The Woodward Effect. The Beltway is abuzz about the tantalizing details in Bob Woodward’s new book, “Obama’s Wars,” a copy of which fell into the hands of The New York Times. As The Times’ Peter Baker notes in his book report, Woodward’s latest tome “depicts an administration deeply torn over the war in Afghanistan even as the president agreed to triple troop levels there amid suspicion that he was being boxed in by the military. Mr. Obama’s top White House adviser on Afghanistan and his special envoy for the region are described as believing the strategy will not work.” ABC’s Jake Tapper gets the White House’s swift response to the book, amplifying some of the excerpts and taking issue with others: “A senior administration official who read the book says ‘the President comes across in the review and throughout the decision-making process as a Commander in Chief who is analytical, strategic, and decisive, with a broad view of history, national security, and his role.’ The official says of the descriptions of the infighting in the book that ‘the debates in the book are well known because the policy review process was covered so exhaustively.’”
Losing Larry. While the departure of White House economic adviser Larry Summers wasn’t a total shock, it presents both a problem and an opportunity for the Obama administration. On one hand, there’s the damaging jump-ship phenomenon. Summers the latest to leave, following in the footsteps of Christina Romer, chair of Council of Economic Advisers and Peter Orszag, director of the Office of Management and Budget. And, of course, there’s mounting speculation that White House Chief of Staff Rahm Emanuel will depart in the next few months to launch a bid for mayor of Chicago. Defense Secretary Bob Gates could be calling it quits too. Who’s next and how does it present an image problem White House? In the short term, Summers’ exit could also be an opportunity to bring some new voices into the fold. Will Obama pick a business type or another academic? Will he choose from within his existing circle of advisers or turn to someone from the outside?
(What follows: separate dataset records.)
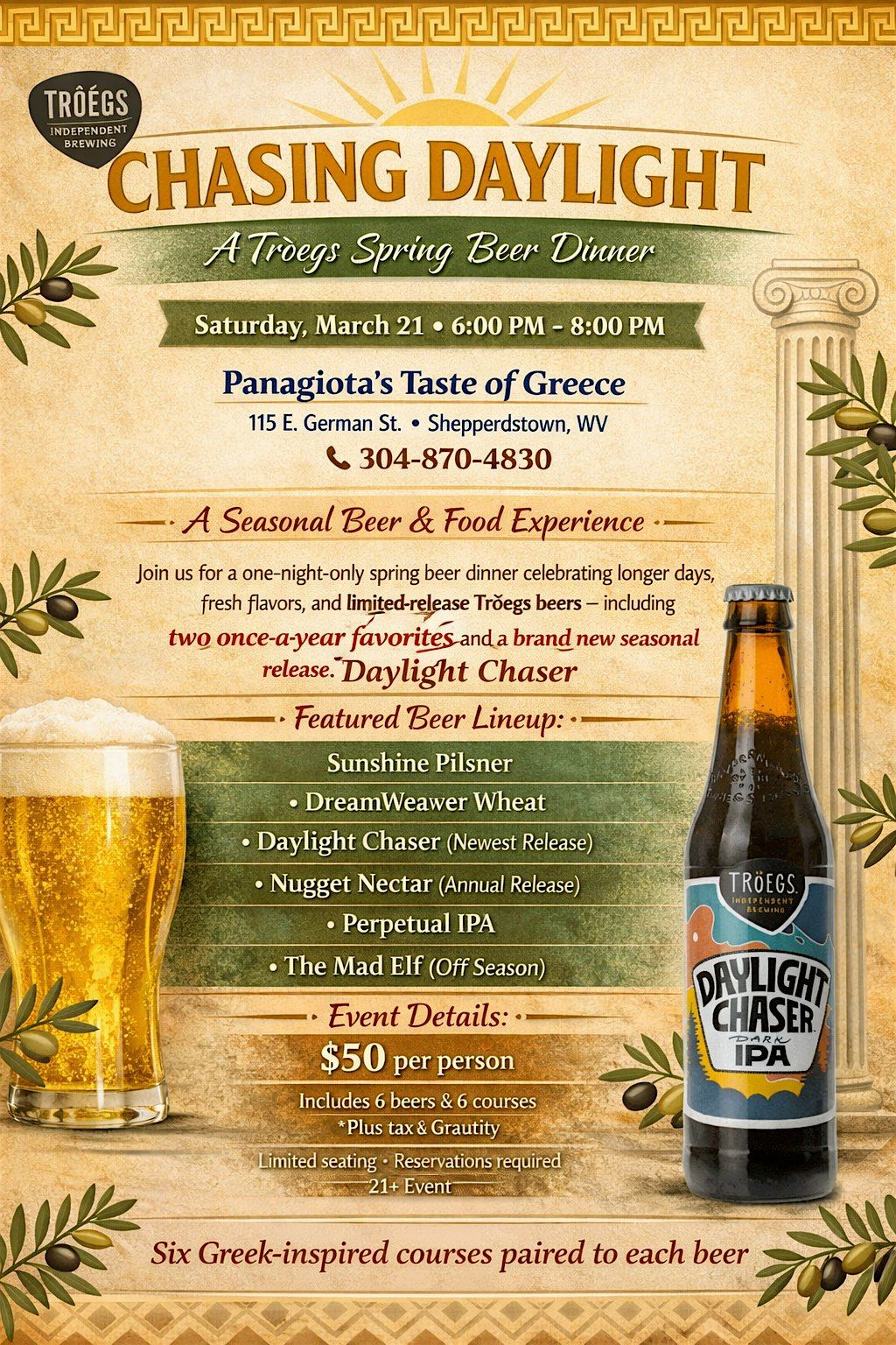 Join us for Chasing Daylight, a one-night-only spring beer dinner celebrating longer days, fresh flavors, and a curated lineup of Tröegs Independent Brewing favorites.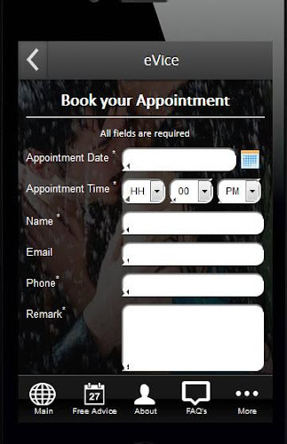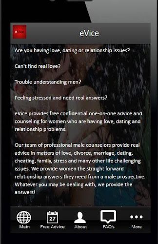 the first real app that gives women free access to expert relationship advice 24 hours a daye-vice provides free confidential one-on-one advice and counseling for women who are having love, dating and relationship issues.our team of professional male counselors assists you with family, marital, divorce, separation, stress, break ups, infidelity and many other life challenging issues. Poskytujeme ženám přímý vztah odpovědí, které potřebují od mužského prospektivního.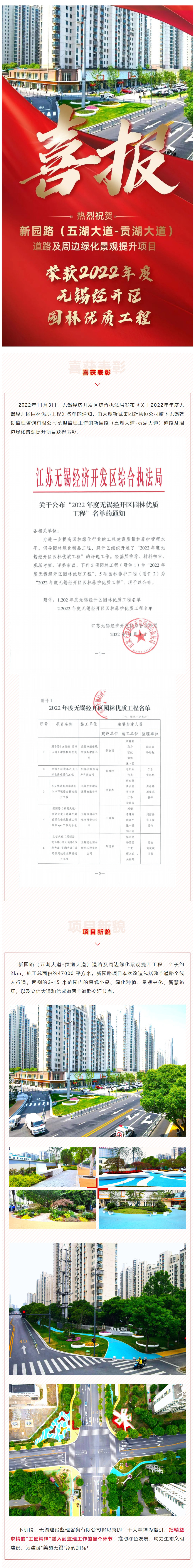 喜报!新园路(五湖大道-贡湖大道)道路及周边绿化景观提升项目获得2022年度无锡经开区园林优质工程
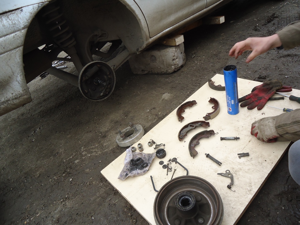 Ну, в ходе разбора барабанов снова выяснилось, что там лазили рукопопы. Я даже не особо удивился=)) Во, первых, самое, что нелепое - в правом барабане оказалось аж 2 штока, которые стоят между колодками, устанавливая их на необходимом расстоянии друг от другу. Один там по конструкции есть. А второй, как запаска, там в барабане и болтался до кучи. Жуть)) Плюс в одном барабане сломано ухо хреновины, которой манипулирует пружина при натяжении ручника. Не помню, на какую сторону мы поставили целую, но факт в том, что только в одном барабане она работает. Но ручник есть, держит. Не могу сказать про крутые уклоны, но небольшие держит нормально даже одной стороной. Плюс еще одна металлюка была с одного краю завернута в бараний рог, но технически это оказалось не критичным. Старые колодки, естественно, были с вырабаткой. причём весьма неравномерной. Их я поленился сфотать, извиняюсь. Барабаны тоже оказались с выработкой. На левом ещё-более менее, а правый нехило выработан, фото прилагаю ниже. Плюс еще выяснилось, что у меня стоят проставки по кругу. Мм 30, и вероятно, просто для вида, чтоб колеса из арок чуть выходили. Али практично решили изменить ширину колеи, кто знает.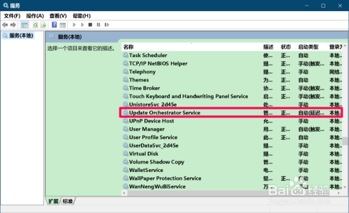 从头启动计较机,进入系统桌面今后,打开当地办事,找到 Update Orchestrator Service办事,点击打开可以看到:
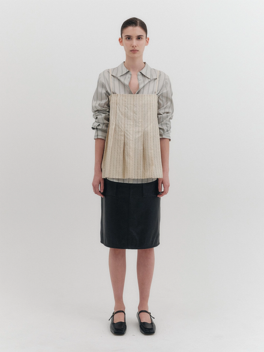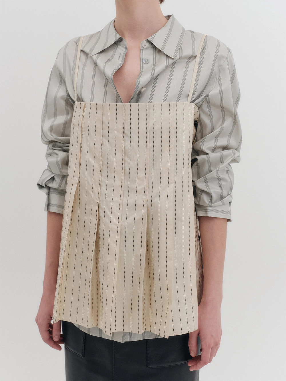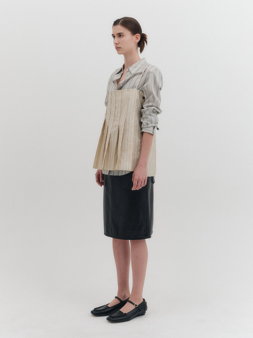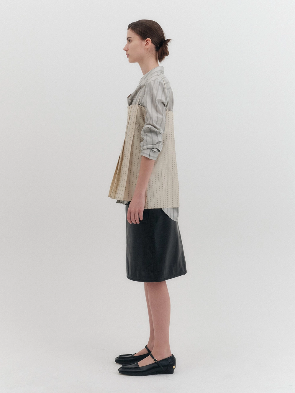 - Front seam and pleated details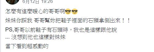 鞋子裡似乎有石頭,哥哥就霸氣地說「妹妹妳踩我,哥哥幫妳把鞋子裡面的石頭倒出來!」才因此有這溫馨的畫面。PO文的媽媽說道,以前兒子鞋子裡有石頭時,她也叫兒子踩著她的腳,想不到兒子如法炮製,也貼心地幫助妹妹,讓媽媽不禁直呼「當下看到超感動的!」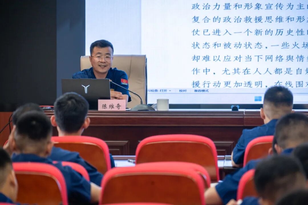 陈维奇处长先后参与森林火灾、地震救援、抗洪抢险等任务70余次,被武警部队聘为网络舆情专家,荣获中国武警十佳新闻工作者、第六届中国人民解放军新闻奖等殊荣,曾担任内蒙古金河森林火灾现场新闻发言人,是新华社网情参考“应急救援”栏目、中国林业杂志“中国森警”栏目、中国青年报“最美火焰蓝”栏目的创办人,同时也是“中国森警”微信公众号的创始人,编辑出版了《家在奇乾》《森林消防常识漫画》《大凉山的回声》等图书,在森林消防宣传领域具有独到见解,就《新闻媒体和网络舆情应对》进行辅导授课。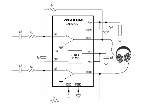 Utilizando un nuevo circuito integrado de Maxim (www.maxim-ic.com) el amplificador que presentamos en la figura puede ser alimentado por una sola pila. Los componentes de la serie que tienen prefijos de A hasta D con la ganancia programada con una potencia de salida de 20 mW por canal, utilizando fuentes de 32 ohms. La distorsión es de sólo 0,005% y tiene una función de cierre que le lleva a una condición de consumo muy baja. La corriente quiescente en condiciones normales es de 2,1 a 2,3 mA, dependiendo de la versión. El circuito presentado es la versión estéreo, pero el componente también se puede emplear en una versión BTL para una mayor potencia mono. En este circuito la relación entre los resistores de entrada y feedback determinan la ganancia. Los valores típicos de estos componentes se pueden obtener en el datasheet así como otras configuraciones posibles.

The floodgates of speculation have already opened about potential replacements for Summers, as Politico’s Glenn Thrush and Kendra Marr report: “The pick doesn’t have to fit that bill precisely, but it’s highly likely Obama’s pick will be either a woman or a business leader – and preferably both, said several people familiar with the situation. … Potential Summers replacements reportedly being initially considered include Rebecca Blank, a Commerce Department official who oversees the Census Bureau and Bureau of Economic Analysis; Ursula Burns, chairwoman and CEO of the Xerox Corp.; Ann Mulcahy, the company’s former CEO; and veteran economist Laura Tyson, who held the NEC director’s post in the Clinton administration.”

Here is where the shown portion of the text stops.